Empujándolo a un automóvil, dijo, palabra por palabra:
—Viejo Liu, no me culpes, a mí, Su, por ser desleal hoy.
Es tu propia maldita culpa por ser ciego.
Acepta mi consejo y quédate tranquilo en casa.
Ni siquiera pienses en hacer nada torcido.
Si surge la oportunidad, pondré una buena palabra por ti, yo, Su, y aún podrías tener la oportunidad de enderezar las cosas.
—De lo contrario, ¡hmph, olvídate de volver a ponerte de pie en esta vida!
Una vez que el tumulto se calmó, la atmósfera en la casa de Liu Qingshan había cambiado por completo.
Liderados por Zhongxin Su y Qin Feihua, todos se reunieron alrededor de Pang Feng, quien se convirtió en el centro de atención, cuidadosamente atendido por todos.
Cao Ning y Liu Xiaoxia ya se habían escabullido discretamente a la cocina, con Liu Xiaoxia arrastrando a Liu Jinzhi en su esfuerzo.
—Hermana Jinzhi, con tu delicada piel, ¿cómo puedes hacer un trabajo tan duro en la cocina?
Ningning y yo somos suficiente ayuda aquí; por favor, simplemente descansa, ¿de acuerdo?
Frente a la repentina calidez de Cao Ning y Liu Xiaoxia, Liu Jinzhi estaba un poco desconcertada, pero una vez que entró en la sala y vio la situación, su inteligencia la ayudó a comprender lo que estaba sucediendo.

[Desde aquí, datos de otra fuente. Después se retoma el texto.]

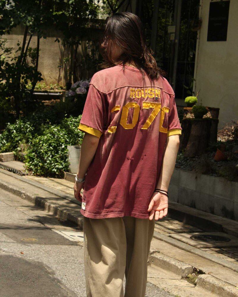 Early 1970s Russell jersey T-shirt. The overall aged body has a vintage texture, and the damage has been repaired by hand at our shop to make the damage more noticeable. The cotton fabric (may contain rayon) has a thick and comfortable texture. The XL size has a well-balanced silhouette that does not feel cramped. Since it is an old item, it rarely deteriorates over time. Please check the photos and understand the vintage characteristics before purchasing.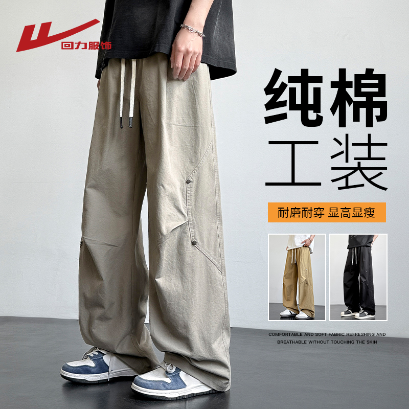 吾一白春秋2025新款男生美式休闲工装休闲裤男士宽松阔腿运动长裤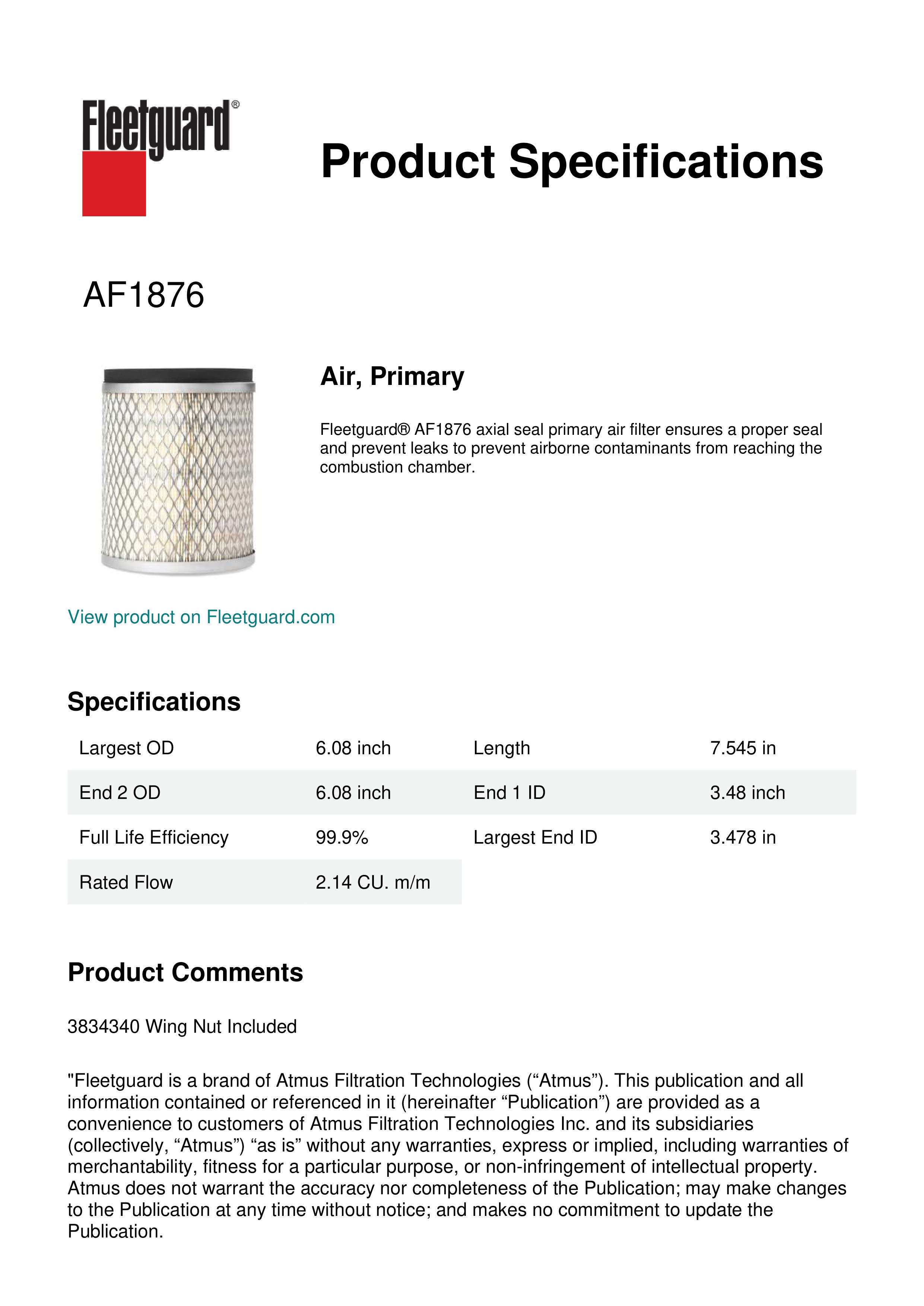 Fleetguard® AF1876 axial seal primary air filter ensures a proper seal and prevent leaks to prevent airborne contaminants from reaching the combustion chamber.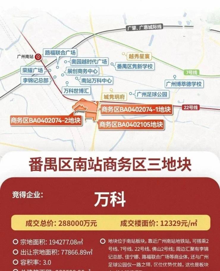 2024年12月17日,万科以底价28.8亿拿下广州南站商务区三宗宅地,总面积约23万㎡,折合楼面价约1.1-1.3万/㎡。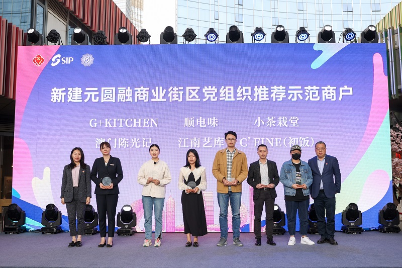 为繁荣商圈经济,根据“机关带行业”机制,自贸区综合协调局牵头成立苏州工业园区商超行业党建联盟,首批成员单位包括金鸡湖商务区党工委、圆融商业街区党委、苏州天虹党支部、园区商联会党支部等19家党组织,将协同筑牢行业党建基础、搭建合作平台,打造城市时尚新典范、凝聚潮流新优势。G+KITCHEN、顺电味、小茶栽堂、澳门陈光记、江南艺库和C’FINE(初饭)等6家圆融商业街区党组织推荐示范商户获得表彰,激励商户立足自身主营业务、全力支持商圈党建工作,积极奉献爱心公益事业,进一步激发商圈发展“红色动能”。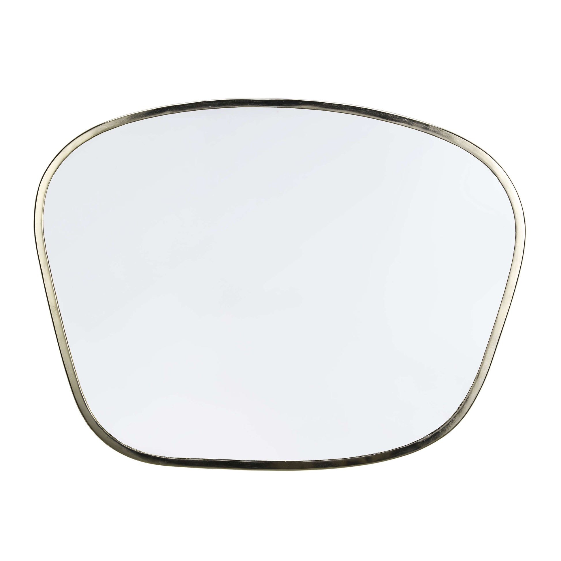 Miroir à cadre doré, forme douce et organique. Inspiré du design des années 1950, il s'intègre harmonieusement aux espaces modernes grâce à son élégance intemporelle.

Curvó ligeramente los labios, con los ojos dirigiéndose a la ventana, exclamó:
—¡Ah…!
De repente, se volvió y corrió hacia la cocina, diciendo a su padre Liu Qingshan:
—Papá, ¡Liu Xia ha vuelto!
Liu Qingshan, que acababa de terminar de cocinar, frunció las cejas y dijo bruscamente:
—Ese desgraciado, ¿tiene el descaro de volver?
—Papá, no hables así de Liu Xia, ¡ha cambiado para bien ahora!